# SUPPLIED RECORDS:

• • •

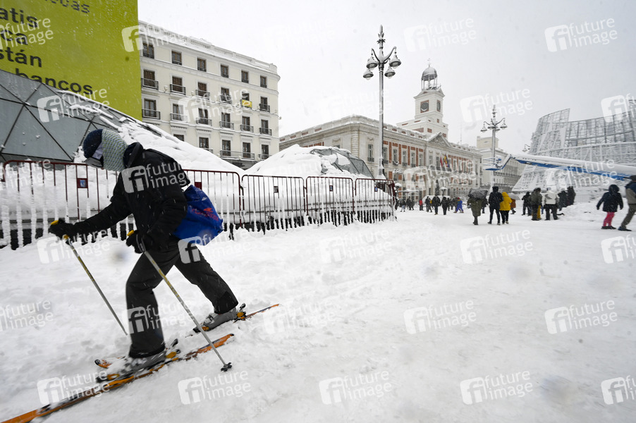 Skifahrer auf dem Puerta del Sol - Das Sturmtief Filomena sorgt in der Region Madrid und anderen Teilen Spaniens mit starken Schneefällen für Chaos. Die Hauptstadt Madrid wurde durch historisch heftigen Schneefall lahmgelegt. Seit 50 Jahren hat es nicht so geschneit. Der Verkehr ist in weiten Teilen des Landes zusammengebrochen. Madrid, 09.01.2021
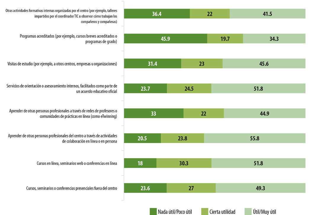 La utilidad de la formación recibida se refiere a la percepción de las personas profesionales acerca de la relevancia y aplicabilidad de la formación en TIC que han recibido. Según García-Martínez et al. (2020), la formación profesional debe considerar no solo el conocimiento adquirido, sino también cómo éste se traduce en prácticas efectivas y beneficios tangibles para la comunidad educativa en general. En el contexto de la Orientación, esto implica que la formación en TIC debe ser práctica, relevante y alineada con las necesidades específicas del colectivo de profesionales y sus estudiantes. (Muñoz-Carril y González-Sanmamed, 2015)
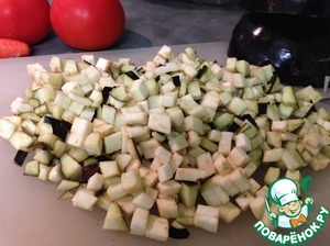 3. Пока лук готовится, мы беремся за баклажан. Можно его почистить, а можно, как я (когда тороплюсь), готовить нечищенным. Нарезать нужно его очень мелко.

• • •

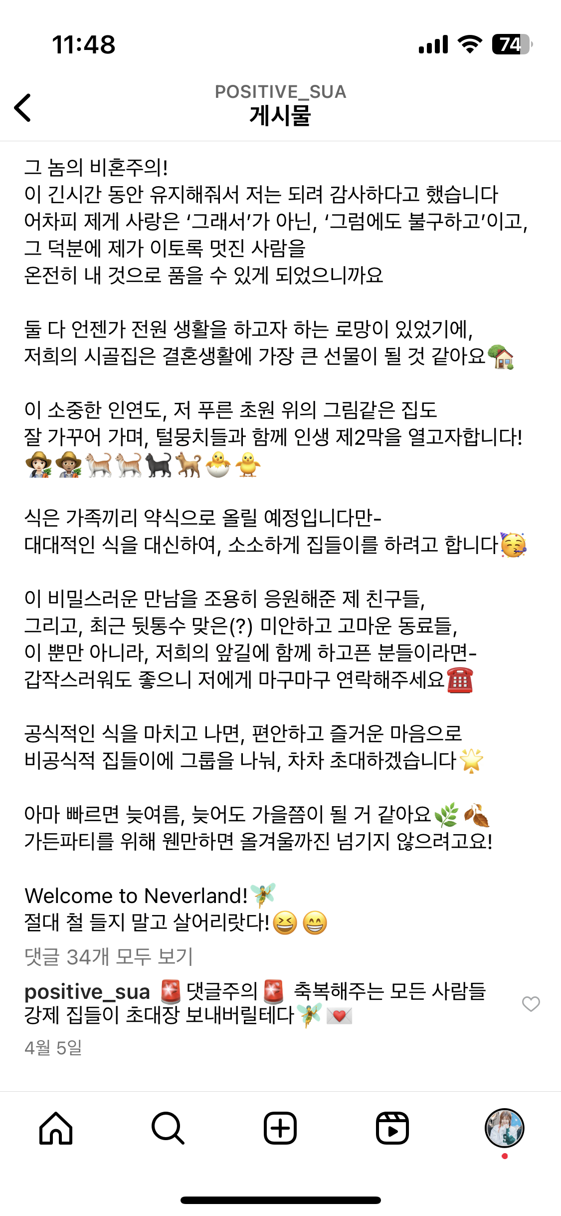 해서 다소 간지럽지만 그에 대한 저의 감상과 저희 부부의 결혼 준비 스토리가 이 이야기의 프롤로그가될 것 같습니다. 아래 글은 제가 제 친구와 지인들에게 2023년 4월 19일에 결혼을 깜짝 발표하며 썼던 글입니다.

• • •

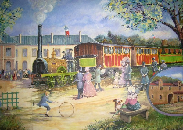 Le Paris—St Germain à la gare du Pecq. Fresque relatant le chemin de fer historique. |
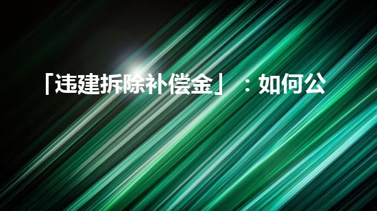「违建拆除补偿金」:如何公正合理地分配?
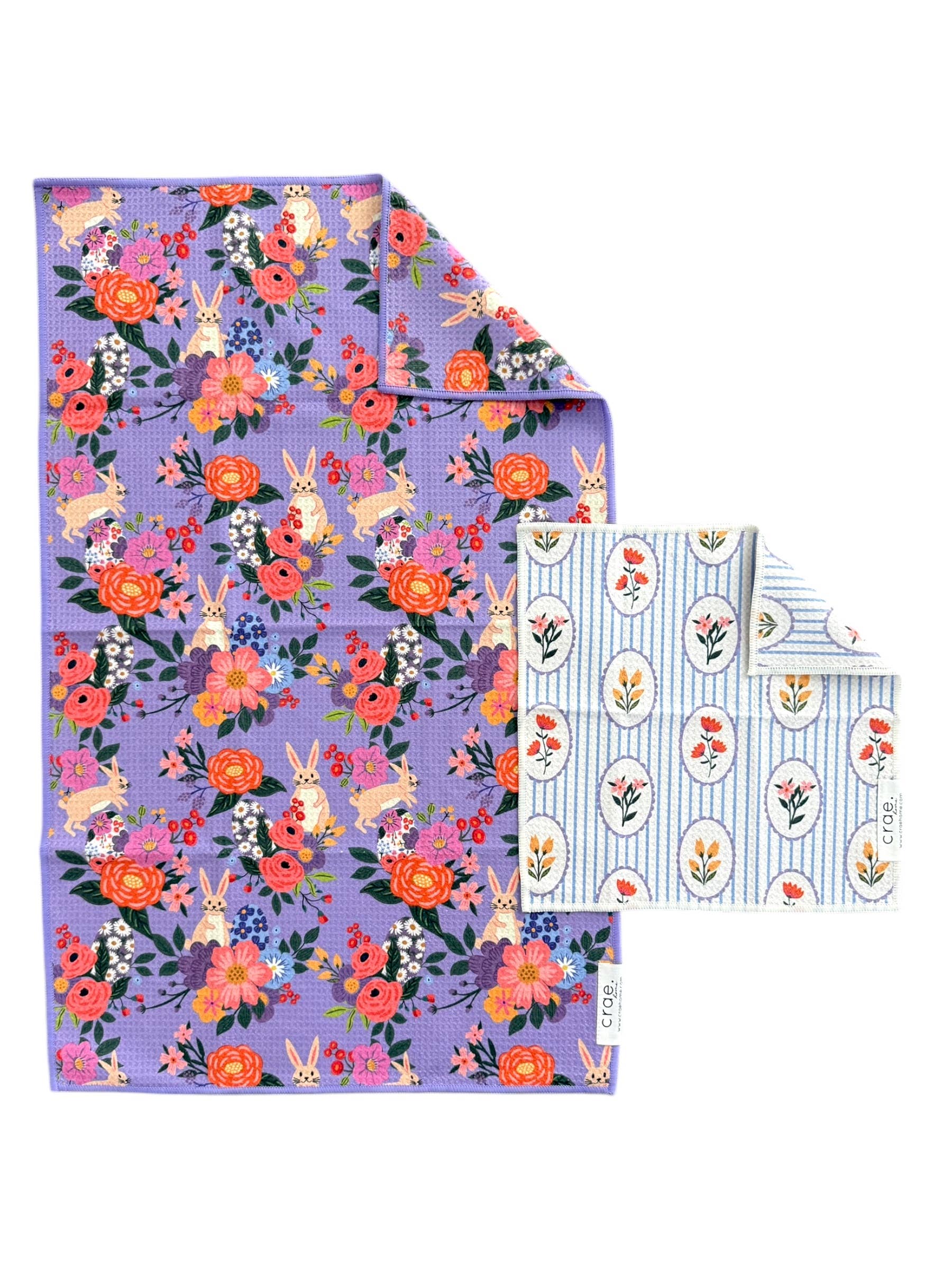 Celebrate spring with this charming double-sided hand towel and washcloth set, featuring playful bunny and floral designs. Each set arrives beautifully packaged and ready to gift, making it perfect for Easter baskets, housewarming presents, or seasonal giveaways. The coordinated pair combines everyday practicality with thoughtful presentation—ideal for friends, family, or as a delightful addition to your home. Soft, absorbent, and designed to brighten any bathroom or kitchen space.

• • •

# REQUIREMENT:
Going back to the data above, write out everything from the line with "La utilidad de" down to the line with "3. Пока лук", both included, leaving every picture out.

# RESPONSE TO THE EXERCISE:
 La utilidad de la formación recibida se refiere a la percepción de las personas profesionales acerca de la relevancia y aplicabilidad de la formación en TIC que han recibido. Según García-Martínez et al. (2020), la formación profesional debe considerar no solo el conocimiento adquirido, sino también cómo éste se traduce en prácticas efectivas y beneficios tangibles para la comunidad educativa en general. En el contexto de la Orientación, esto implica que la formación en TIC debe ser práctica, relevante y alineada con las necesidades específicas del colectivo de profesionales y sus estudiantes. (Muñoz-Carril y González-Sanmamed, 2015)
 3. Пока лук готовится, мы беремся за баклажан. Можно его почистить, а можно, как я (когда тороплюсь), готовить нечищенным. Нарезать нужно его очень мелко.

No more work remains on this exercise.